Со мною в караване были две девочки в начале жизни, про которых я думал, что их недостаточные силы, тем не менее, будут полезны в странствии, ведь я не предполагал, с чем предстоит нам встретиться и каким трудом заниматься. Родители этих детей ушли в набег, сделав их круглыми сиротами при живых отце и матери, оставив мне заботиться о них, давать им пропитание и наблюдать за благочестием, что было с их стороны поступком крайне безответственным и самонадеянным. Сейчас же, по прошествии многих лет и событий, о которых тебе, о благодарный слушатель мой, еще только предстоит узнать и удивиться прихотливому движению звезд и планет, определяющих судьбу человека и его бытие, я понимаю, что люди, ушедшие от своего народа на поиски призрачного благополучия и богатства, извлекаемого острием клинка, а не каждодневными трудами, просто-напросто искали возможности избежать трудностей и алкали легкой жизни, в коей, как они видели, женщины в тягостях и дети будут им помехою, а не подспорьем, а потому с легким сердцем и ожесточенной душой бросили их всех на произвол судьбы, однако же счастия в том не снискали, о чем скажу впереди.
Этих девочек, которые не были единоутробными сестрами и не родились в один год, отчего-то назвали сходно: старшую именовали Хадасою, а младшую, только-только вступившую в начало второго десятилетия ее жизни - Хадейрою, работа им была отведена по силе и по годам - ходить за ослами нашего малого каравана, задавать им корму и сводить к водопою, как приведется.

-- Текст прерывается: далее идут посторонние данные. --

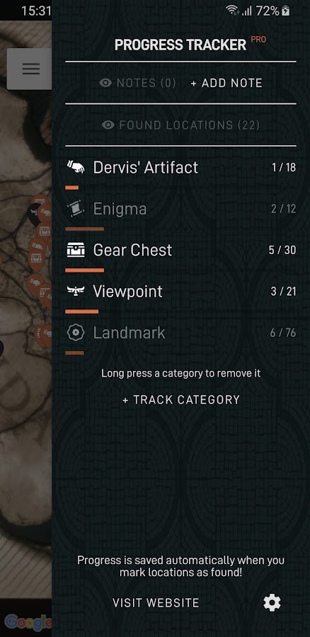 • Трекер прогресса — отмечайте найденные места и отслеживайте ход сбора ваших предметов коллекционирования.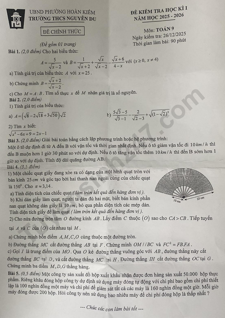 Đề thi học kì 1 lớp 9 môn Toán 2025 - THCS Nguyễn Du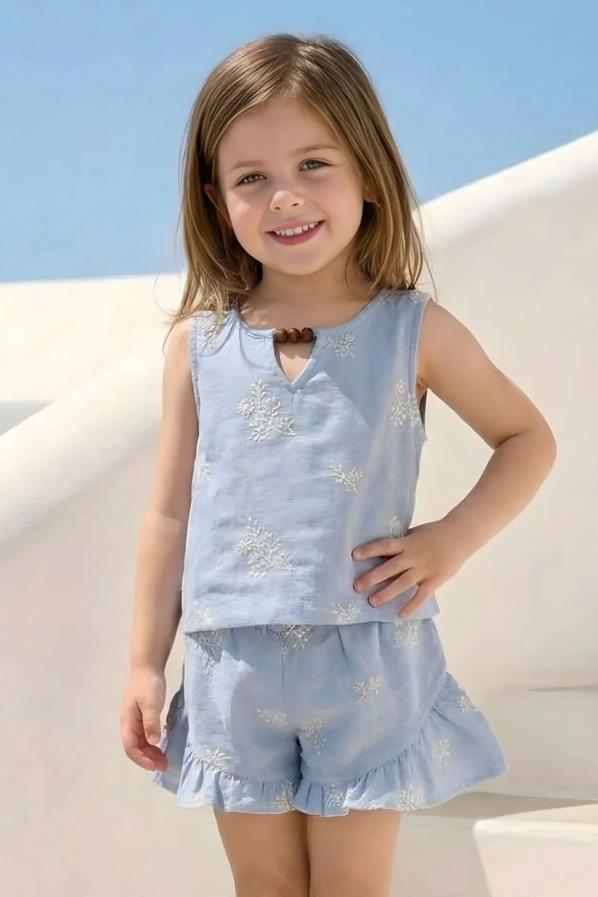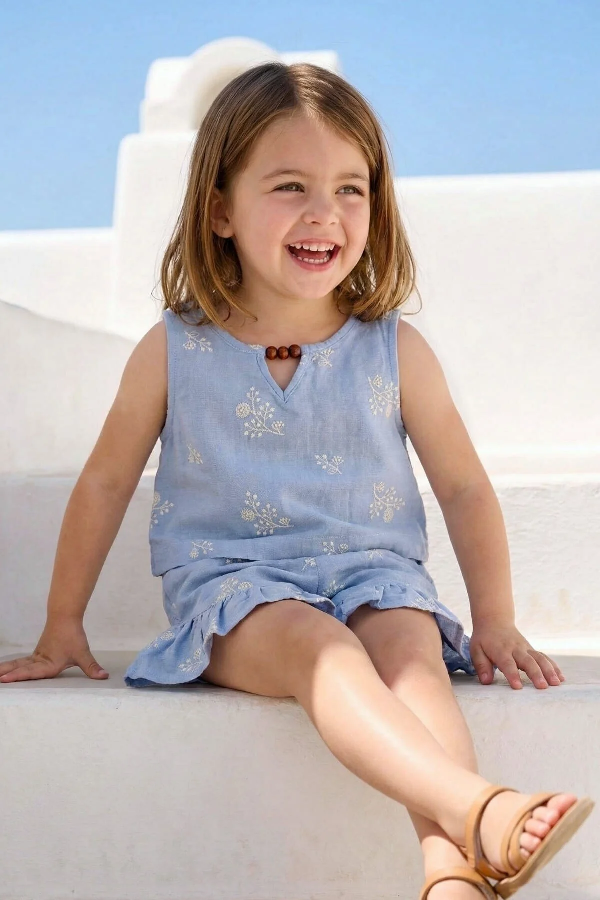Geleneksel nakış sanatını modern çocuk modasıyla buluşturan bu 2'li Mavi Takım, bluz üzerindeki ince işçiliği ve konforlu şortuyla öne çıkıyor.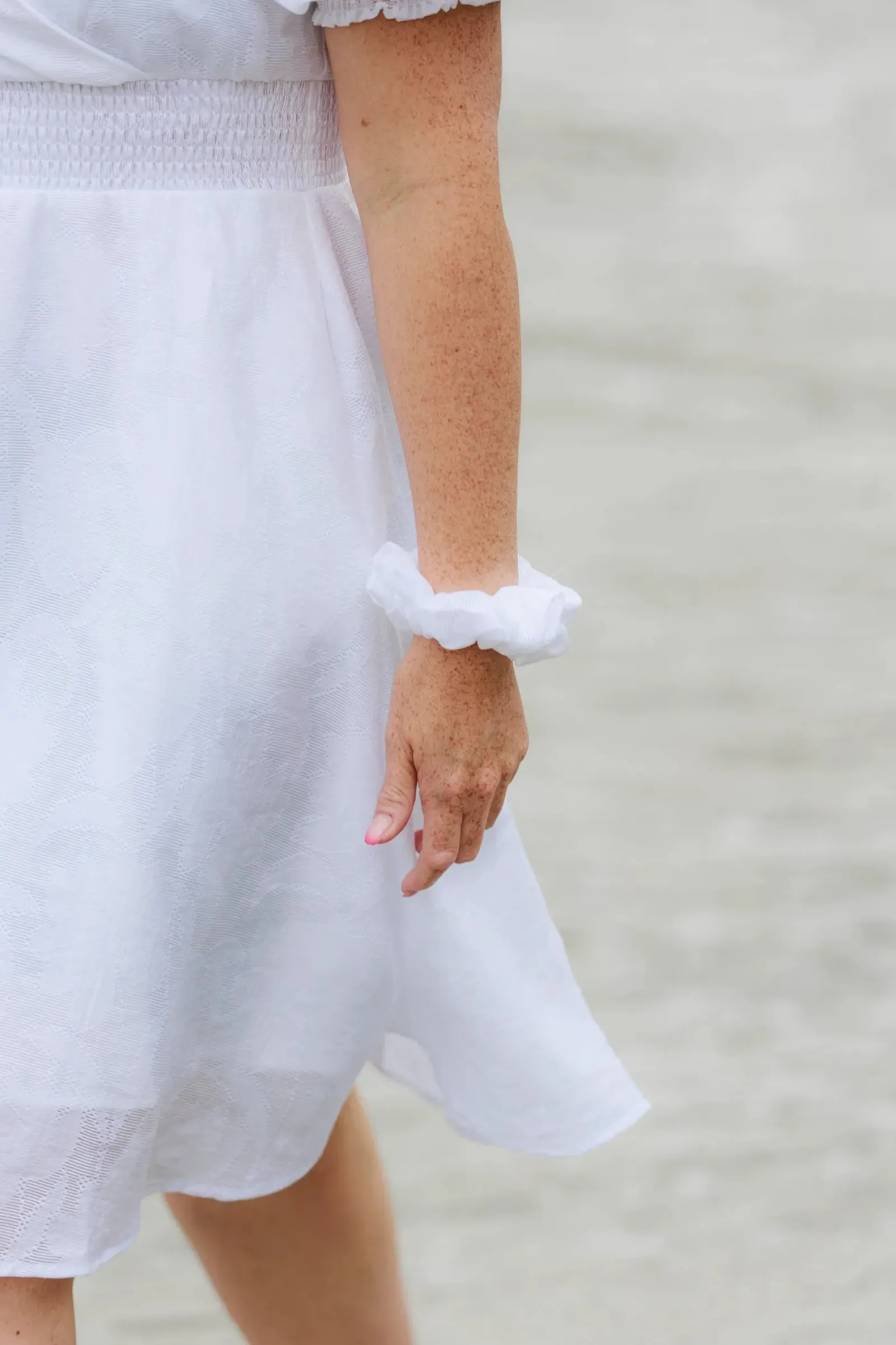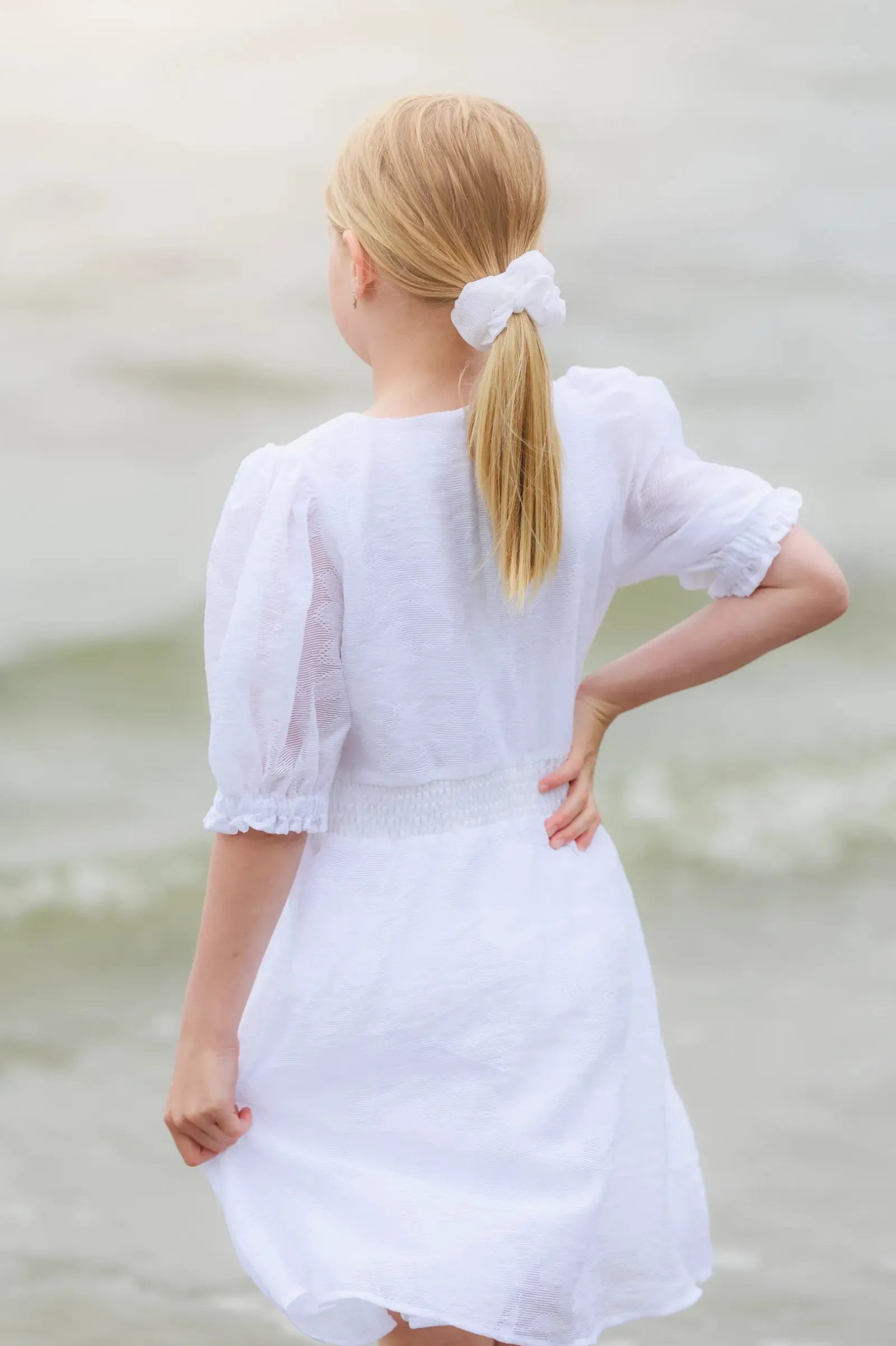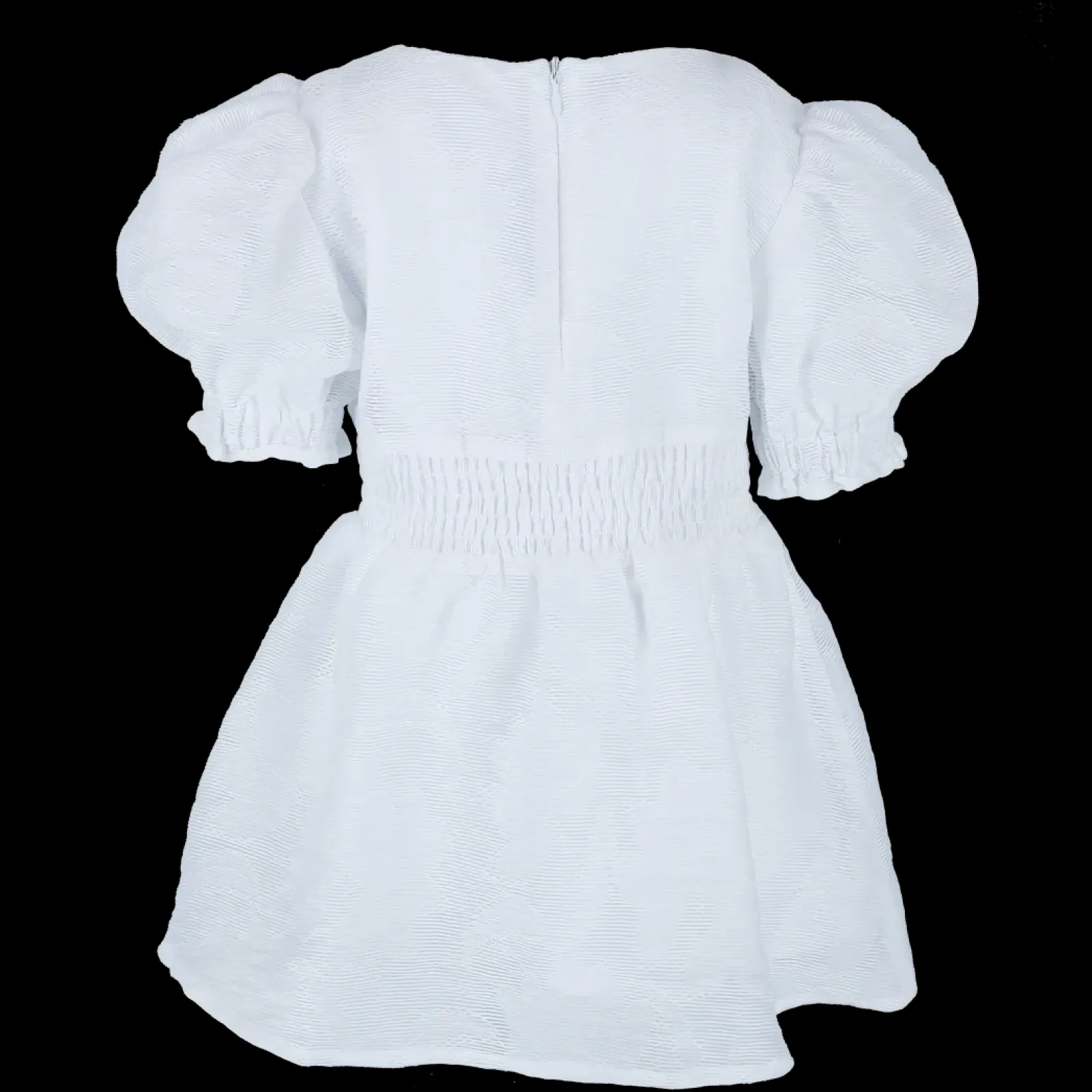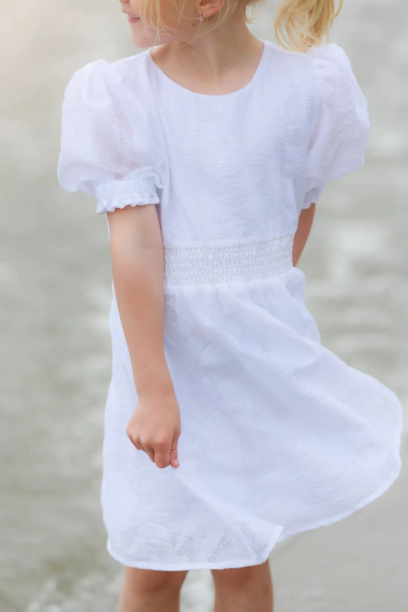 Belle Flower barnekjole i hvit er en nydelig, kort sommerkjole. Stoffet har tekstur av blomster og oppleves luftig. Den har korte armer med puff og strikk. I midjen er det et behagelig strikk og på hver side av hoftene er det praktiske lommer. Passer like godt til hverdagen som til finere anledninger.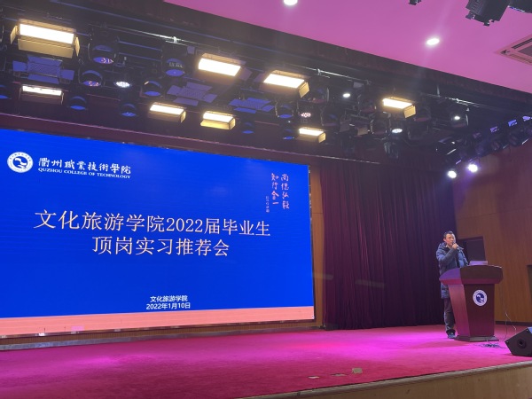 2022年1月10日上午,7790cnm必发集团在图书馆1号报告厅举行2022年休闲体育专业毕业生顶岗实习动员大会暨企业宣讲会。7790cnm必发集团副经理黄志国、休闲体育专业主任王俊舰、学工办主任邵翔、休闲体育部分专任教师以及全体员工参加。

Труды им предстояли невеликие, и если бы они происходили в селении, так помимо означенного возложили бы на них много иного по домашнему хозяйству, да вот беда в том, что эту работу они принуждены были исполнять во время многотрудного пути, который и сам по себе есть нелегкое испытание и напряжение всех сил, отчего и небольшое дополнительное затруднение становилось для них почти невыносимым. Жалея детей, я позволил им ехать на мало нагруженных ослах вместе с престарелыми, но и так силы их иссякли задолго до завершения дороги. Сейчас же они сидели прижавшись друг к другу, истомленные дорогой, жарой и неизвестностью, и поглощали худую пищу безо всякого к ней интереса.
Люди мои были измучены и сам я утомился дорогой и бедами, но заповеданное должно было быть исполнено. После малого отдыха я позвал с собою Мудрейшую и мы отправились к тамге, которой Бен Ари отметил место тайной поклажи. При помощи немудрящего инструмента я отворил покрышку и увидел под камнем длинный узкий лаз, в котором мог поместиться лишь лежа, да и то, оставив на поверхности почти всю верхнюю одежду. Не ожидая полной темноты в потаенном хранилище, я не имел никакого огнива при себе, отчего пришлось мне возвращаться к очагу и готовить некое подобие факела из имевшегося под рукою топлива и вервия. Наконец мне удалось проникнуть в пещеру, в коем месте можно было встать во весь рост, однако же высота была совершенно недостаточна для меня, и осветить внутренности ее, и я узрел на каменном полу несколько прочно завязанных хурджинов, большего размера и меньшего, числом более десяти, по виду плотно наполненных и тяжелых.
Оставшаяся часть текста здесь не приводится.